What files are created when exporting a model to ONNX?

The export process creates three essential files: model.onnx (the actual neural network, typically 1-5GB), tokenizer.json (HuggingFace tokenizer configuration), and config.json (model metadata and parameters).

How does the text generation pipeline work?

The pipeline follows these steps: 1) Encode the prompt into input IDs using the tokenizer, 2) For each generation step, create input tensors and run the model, 3) Sample a token using argmax, temperature, or nucleus sampling, 4) Append the token to the sequence, 5) Decode newly-generated tokens back to UTF-8 text.

What performance optimizations can I implement?

Key optimizations include: batching multiple sequences together, implementing KV-Cache for Transformers, using quantization (int8) with ONNX Runtime tooling, and enabling GPU providers like CUDA, DirectML, or ROCm for hardware acceleration.

How do I add conversation memory to my chat bot?
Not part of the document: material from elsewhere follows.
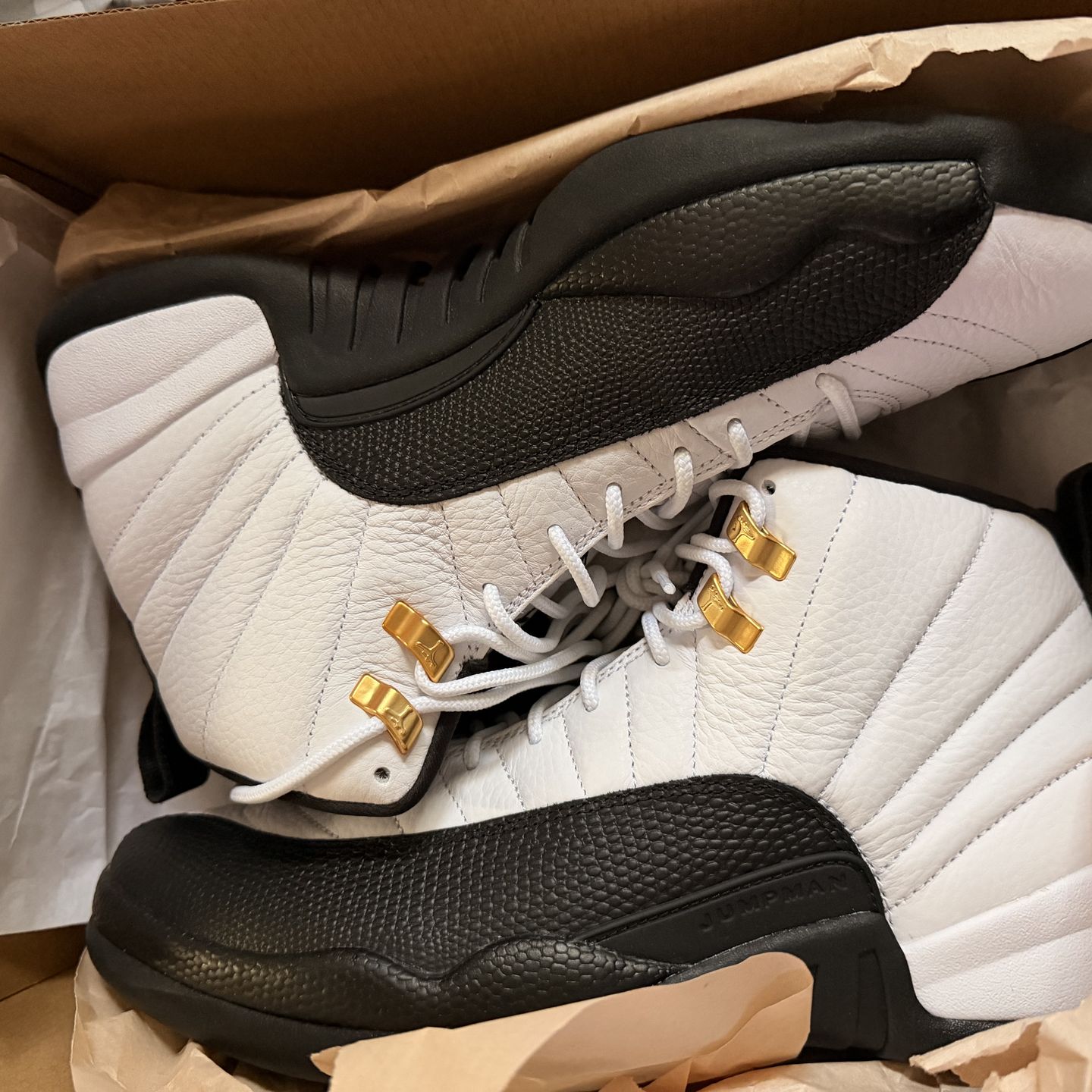 Brand new, never worn Air Jordan 12 “Taxi” in black & white with gold eyelets. 100% authentic, deadstock with original box and paper. Super clean pair—leather is premium and the outsole is untouched. Size 11. No trades. Serious buyers only. Details: • Condition: Brand new / DS • Size: 11 • Includes: Original box & paper • Colorway: Black / White / Taxi Yellow • Authentic: Yes (retail pair) Meetup / Pickup: Local meet-up preferred. Cash/Zelle accepted. Can ship at buyer’s expense.

Store the last n (user, assistant) pairs so replies remain contextual. This allows the bot to reference previous parts of the conversation and provide more coherent, context-aware responses.

What are the main deployment considerations?

Consider model size (quantize or distill large models), memory usage (monitor RSS and use streaming outputs), concurrency (use multi-threaded Tokio or Actix-web API), and target device (CPU by default, enable CUDA for speed-ups).

How do I implement streaming token generation?

Use a callback function approach with generate_streaming method that renders tokens as soon as they are produced. This provides a snappier user experience by showing partial responses in real-time rather than waiting for the complete response.

What sampling techniques can I use instead of argmax?

For more creative replies, you can implement temperature sampling (divide logits by temperature) and top-p sampling (sample only from the top-p cumulative probability mass). Argmax is deterministic but boring, while these techniques add controlled randomness to responses.